Her pet rock lay there in the doorway, unassuming and not at all intimidating. Amanda's eyes glanced behind it to the hallway beyond. No shadow moved beyond the confines of the room, nor were there any more noises. The rock had caused the heavy thumps along the floor, and now it lay still as though it had never moved. No one was there, and yet the rock was there. Surely they couldn't be mutually exclusive. Someone had to have rolled the stone into the room.
Amanda took no chances. She rolled the chair off its pad and onto the carpeted floor. The way was fraught with halting progress, as every few inches the wheels became caught in the fibers, but in a minute she was at the doorway. She hugged her shoulder against the door which swung into the room, and glanced down the hall. There was only darkness, but she noticed the door to her bedroom was open. She knew she'd shut it after leaving the room.

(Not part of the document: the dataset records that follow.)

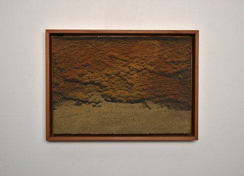 sand, sediment on panel—walnut frame
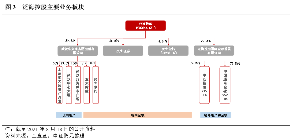 泛??毓?,成立于1989年,前身為南海石油深圳開發(fā)服務(wù)總公司物業(yè)發(fā)展公司,于1994年在深圳證券交易所上市。截至2021 年3月末,公司控股股東為中國泛海控股集團有限公公司(簡稱“中泛控股”),實際控制人為盧志強,直接和間接持有公司71.23%的股份。
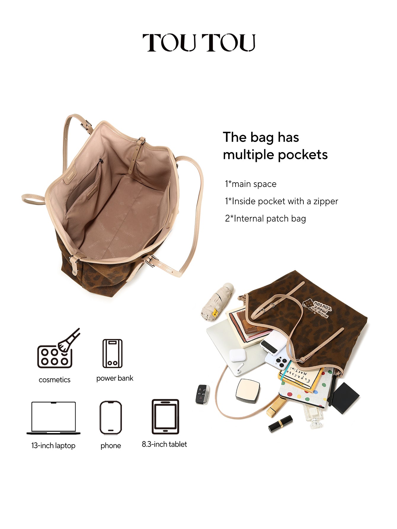 TOUTOU Leopard Print Tote Bag with “Nice to Meet Toutou” Embroidery - Spacious Shoulder Bag for Daily Use (Fits 13" Laptop)

With the entry to her bedroom open, faded light from her windows streamed down the hall. The passage was enveloped in the soft illumination of the overcast sky, and distorted by the rain which continued to pelt the glass. The only sounds which came to her ears were of the water incessantly pleading for entrance into the apartment, and the heavy thumping of her rattled heart. She was starting to wonder if she shouldn't go with Tony on his excursion in a few days. Being alone in the apartment, and no doubt any apartment, was driving her to an imagination overblown with noises and frights which she found impossible to overcome.
There were also strange marks in the carpet. At perfect intervals of two feet starting from her bedroom door, there followed a trail of round indentations in the fibers. She squinted her eyes and couldn't help but notice the indents perfectly matched the size of the rock, but she couldn't fathom how the thing had jumped such a distance other than with the assistance of someone else.

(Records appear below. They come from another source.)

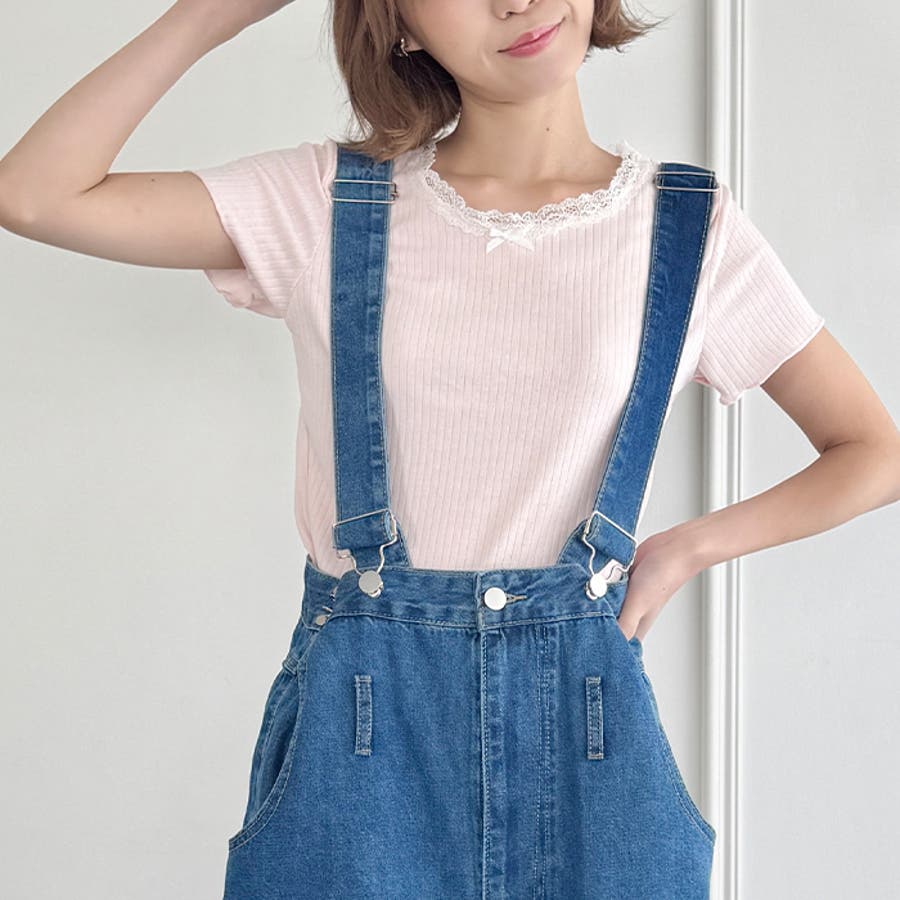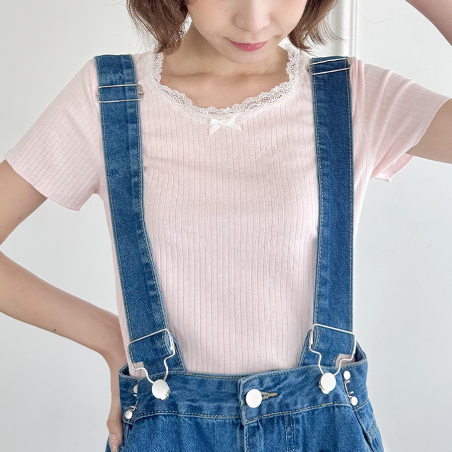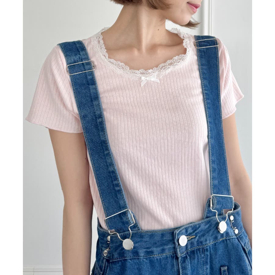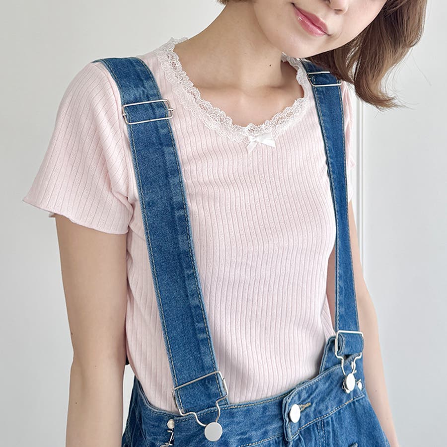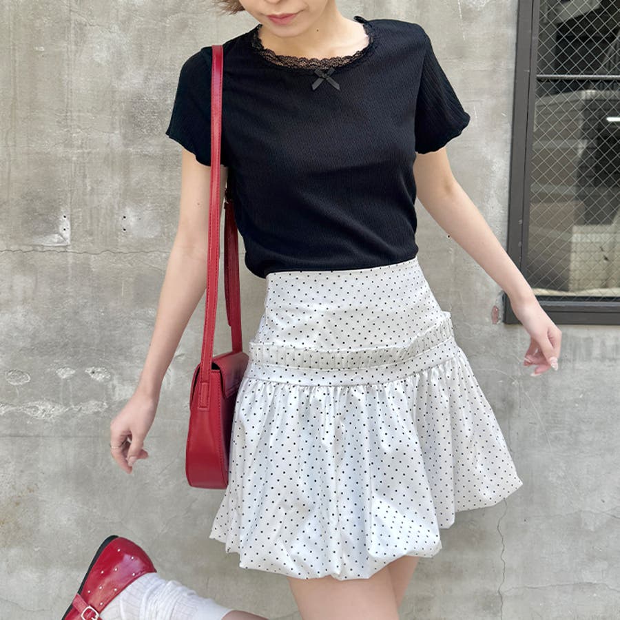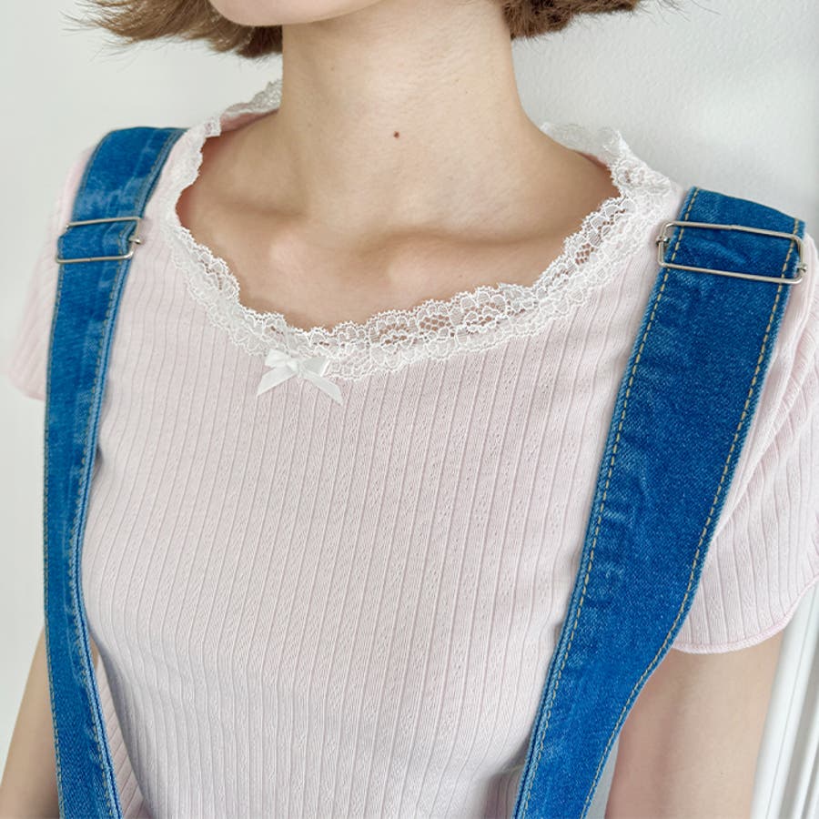 ・プチリボンとレースが主張しすぎず、レディな印象のコンパクトトップス
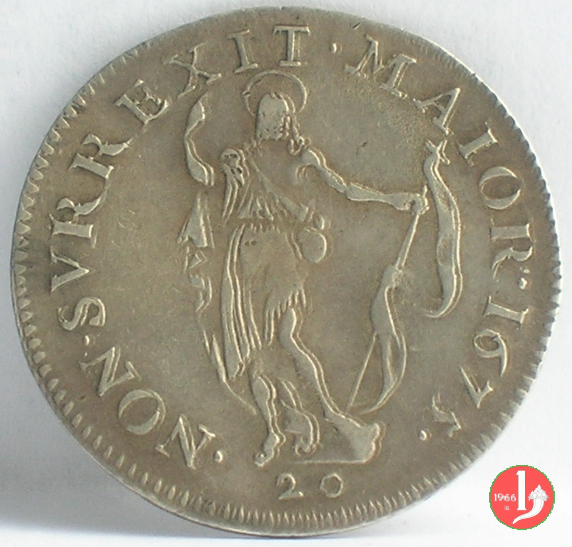 Al centro: " 1671 / denari / 12" su tre righe con intorno 6 stelle, in cerchio perlinato e lineare.
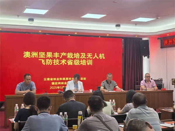 为促进澳洲坚果产业提质增效,推动绿色科技与现代农业深度融合,由澳门威尼斯人博彩官网和草原技术推广总站主办的澳洲坚果丰产栽培及无人机飞防技术省级培训于5月21日至23日在德宏傣族景颇族自治州盈江县举行。保山市、普洱市、西双版纳傣族自治州、德宏州、临沧市5个澳洲坚果主产州(市)专技人员、大户代表、企业以及无人机飞防专业服务队伍等共计90余人参加了此次培训。
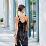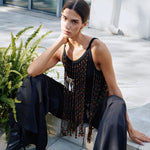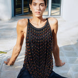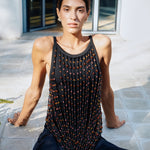 A versatile tank top with a twist. It is fully adorned with long cascading beads that move with you as you go.
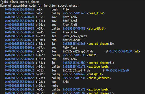 phase_6까지 defuse 했으니 secret_phase로 접근하는 조건을 갖췄다.

Then Amanda sought to provide herself with comfort, and so she flicked on the light in Tony's bedroom. The false sun on the ceiling drove back some of her fears as a stream of light spread out into the hall, but she found her mind was still uneasy. To remedy the situation Amanda sought more extreme measures. She cautiously stepped out into the hall with the intention of turning on all the lights in the apartment. This would also put her on equal footing if any intruder planned to sneak up on her, which she still feared was the case.
She started with the front of the apartment close to the door, for she half-expected some maniac to come running out of her bedroom wielding a machete. There the lights were quickly turned on and nothing showed itself to be out of the ordinary. She could see no signs of a break-in, nor did she hear any shuffling of feet nor shadows stretching out from the hall toward her.

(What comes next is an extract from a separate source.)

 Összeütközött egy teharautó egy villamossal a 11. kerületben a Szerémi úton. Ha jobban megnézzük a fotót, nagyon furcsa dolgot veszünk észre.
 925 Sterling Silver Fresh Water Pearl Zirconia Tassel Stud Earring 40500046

Amanda set a quivering hand down on the knob of the front door. With all those absences of the dangerous and abnormal, yet she still felt something was horribly wrong. The sensation was as though something was scratching at the back of her mind, telling her to flee while her sanity still survived. She hardly knew when the knob in her hand turned, but suddenly the door was swinging open toward her.
A shadow stood in the doorway.
Amanda screamed to the fullest capabilities of her lungs. She reeled back and would have fallen to the floor if the person, for it was a human, hadn't grabbed her by the wrist. They righted her and took a step into the light of the apartment. It was an older gentleman, about sixty, with gray hair and a kind smile on his face. His eyes reflected his inward emotions and it showed he was worried about her.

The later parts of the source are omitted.